Mapping multi-way interactions

Multi-way interactions were also constructed from PPC and PPC by finding a DAG among more than 2 peaks. We first used only confident causal interactions with PPC>0.5, then found the most likely parent for each peak, and finally solve the cyclic graphs by discarding an interaction with the lowest PPC. See Section 3.6 of Supplementary Note for details.
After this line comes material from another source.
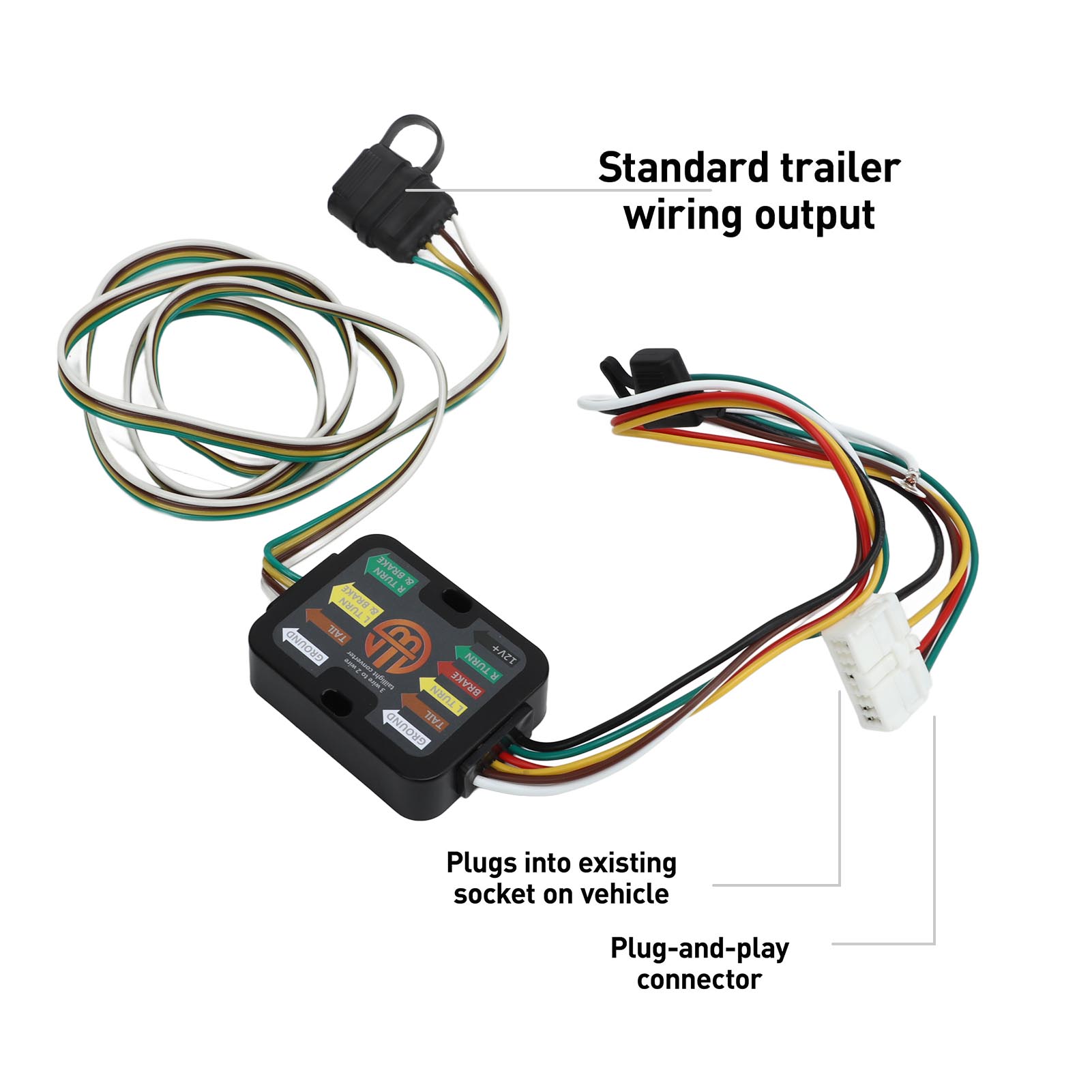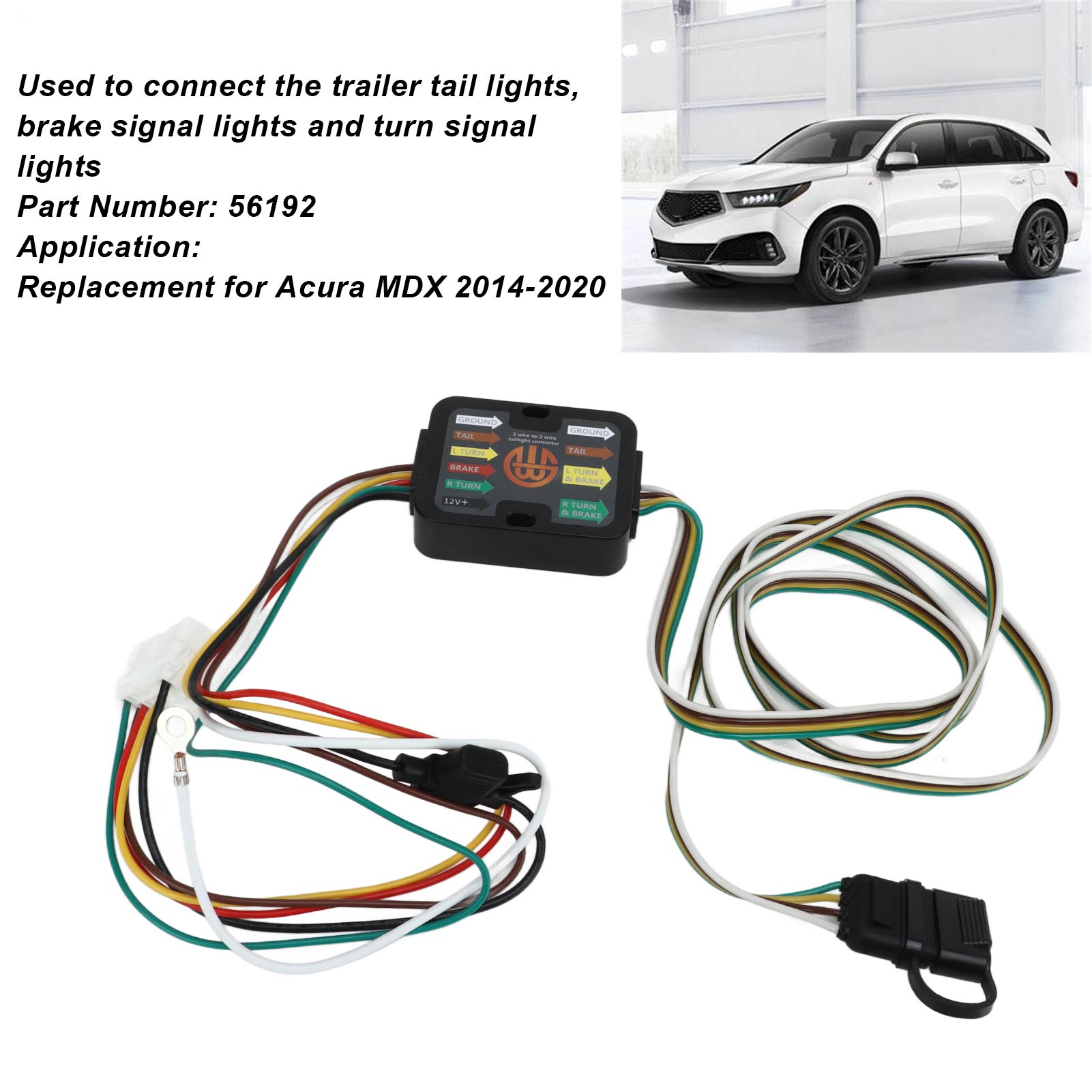 1、Fitment: Trailer wiring harness is replacement for Acura MDX 2014‑2020, which is made according to the prototype model. 2、Part Number: Trailer wiring harness kit replace part number is 56192. Please check the part numbers whether it suits your vehicle before purchasing. 3、Application: 4 pin trailer wire harness can be used to connect the trailer tail lights, brake signal lights and turn signal lights. 4、Excellent Performance: Fast, easy and secure connections, professional manufacturing and stable performance, flexible and sensitive. 5、Simple Installation: The installation is simple, direct replacement, no modification is required, convenient for using, save your efforts.

Detection of lead caQTL variant

Within each cis-regulatory window (500Kb on either side of a peak), we calculated a posterior probability of each variant being the causal caQTL and obtained the maximum a posteriori variant as the lead variant. We used the pairwise likelihood to solve the problem that multiple caQTL variants are associated with chromatin accessibility due to strong linkage disequilibrium. The central assumption here is that variants predicted by our model to be upstream in the regulatory cascade are more likely to be causal. See Section 3.7 in Supplementary Note for details.

Effect size calculation

For j-k peak pairs, we identified single lead variants under the hypothesis of causality or pleiotropy and two causal variants for the linkage hypothesis based on the variant-level posterior probability (see Section 3.8, Supplementary Note for more detail). We computed effect sizes of the lead variant(s) against the two peaks (j and k) using simple linear regression. Under the linkage hypothesis, if the genotypes of the two causal variants were negatively correlated (LD index r<0), the effect size of peak k was multiplied by -1 to align the effect direction.

Probability of Master regulator

We defined the master regulatory peak as a peak with more than one interacting downstream peak and no interacting upstream peaks. We computed the product of the following two posterior probabilities: the probability that the peak regulates at least one other peak in the cis-window, and the probability the peak is not regulated by any other peak within the cis-window, which we referred to as the probability of being master regulator (PMR). See Section 3.9 of Supplementary Note for details.

Hierarchical model for eQTL fine-mapping

The standard hierarchical model23 was applied to the gEUVADIS RNA-seq data (372 European samples) with various combinations of the following five annotations: (1) inside or outside an ATAC peak (referred to as ATAC); (2) eQTL variant location, relative to an ATAC peak (referred to as VL); (3) promoter capture Hi-C contacts (CHi-C); (4) HiChIP loops from baited promoter regions (HiChIP); and (5) PMR value at each ATAC peak. The variant-level prior was learned and the posterior probability of association (PPA) was calculated for each variant in 1Mb cis-window centred at TSS. For the eQTL fine-mapping of BLK/FAM167A locus, we incorporated all the genomic annotations used in the caQTL mapping in conjunction with the colocalisation probability of caQTL and eQTL as the weight of the prior probability. See Section 3.10 of Supplementary Note for details.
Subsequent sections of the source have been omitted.